Identification of specificity improving residues and affinity determination

To promote the desired specificity of 5A12.1, we filtered for mutations that were strongly depleted from Ang1 panning, while showing enrichment or only minimal depletion in the Ang2 and VEGF panned tracks. The filter was applied to all iterations of Ang1, Ang2 and VEGF data sets. 26 heavy chain mutations (number of mutations H1: 10, H2: 9, H3: 7) and 9 light chain mutations (number of mutations L1: 3, L2: 4, L3: 2) satisfied the filter condition. Interestingly, diversifying our Ang1 panning approach was helpful, as the only mutations identified in the light chain were from the Ang1 plate panning data set, while the heavy chain mutations from both Ang1 plate and solution panning passed the filter.
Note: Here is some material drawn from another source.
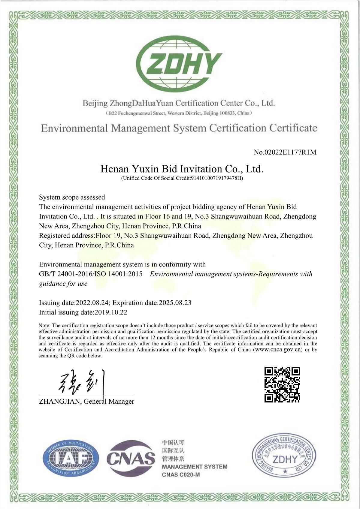 環(huán)境管理體系認(rèn)證證書(shū) -

Most selected mutations are located in CDR-H1. The finding that fewer light chain mutations are identified is consistent with the fact that Ang2, and thus presumably Ang1 binding, is facilitated mainly through the light chain.28 CDR-L3 especially has been shown to contain hotspot residues for the 5A12:Ang2 interaction that do not tolerate mutation.28

Notably, 18 heavy and seven light chain mutations were identified at least twice in the different iterations of the different panning data sets, and were selected for further screening. The 25 5A12.1 Fab variants were expressed and purified as described previously.28 The affinity of these variants toward all three antigens was measured by Biacore and, indeed, all variants showed significantly reduced Ang1 binding. 11 variants showed essentially no Ang1 binding by Biacore under the conditions tested (single cycle kinetics using 1 uM of Ang1 as analyte). The other 14 variants retained some Ang1 binding, but the weak binding data could not to be fitted to determine KD. In addition, most of mutations retained sub-nanomolar to single digit nanomolar affinity toward Ang2 and VEGF. For example, the mutation HC-S30G recognizes VEGF with a KD of 1.7 nM and Ang2 with a KD of 1.4 nM, while showing no detectable Ang1 binding. Similarly, another mutation HC-Y58I has a KD of 1.6 nM for VEGF and 1.32 nM for Ang2 while also showing no Ang1 binding activity.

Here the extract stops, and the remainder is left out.